Joseph Rene Edward Trudell (January 31, 1919 – July 25, 1984) was a Canadian professional ice hockey player who played 129 games in the National Hockey League with the New York Rangers.

Biography
Born in Mariapolis, Manitoba, Trudell served in the Canadian military during World War II. Following the war, Trudell joined the New York Rangers senior affiliate, the New York Rovers playing on a line with fellow Manitobans Cal Gardner and Church Russell.

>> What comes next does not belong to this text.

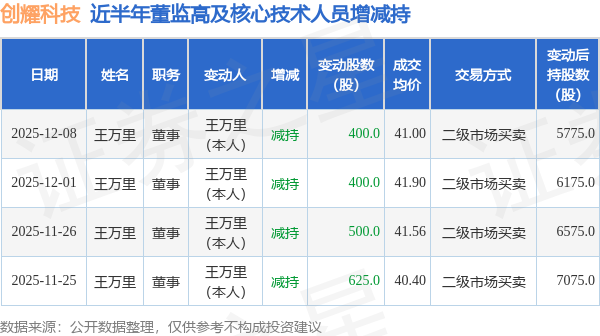 证券之星消息,根据12月9日市场公开信息、上市公司公告及交易所披露数据整理,创耀科技(688259)最新董监高及相关人员股份变动情况:2025年12月8日公司董事王万里共减持公司股份400.0股,占公司总股本为0.0004%。变动期间公司股价下跌0.1%,12月8日当日收盘报41.0元。

Described by the press as 'flashy', the trio were dominate, with all three players being called up to the Rangers and making their debuts on February 10, 1946. From their debut, the three remained intact as a line until December 1947, with the unit being nicknamed 'Whiz Kids' and the 'rover-boy line.'

After spending parts of three seasons with the Rangers, on April 26, 1948, Trudell was traded to the reigning Stanley Cup champion Toronto Maple Leafs, alongside Gardner, Bill Juzda, and the rights to Frank Mathers for Wally Stanowski and Elwyn Morris, who subsequently sold him to the Springfield Indians, where he would play for a final season before retiring at the age of 30.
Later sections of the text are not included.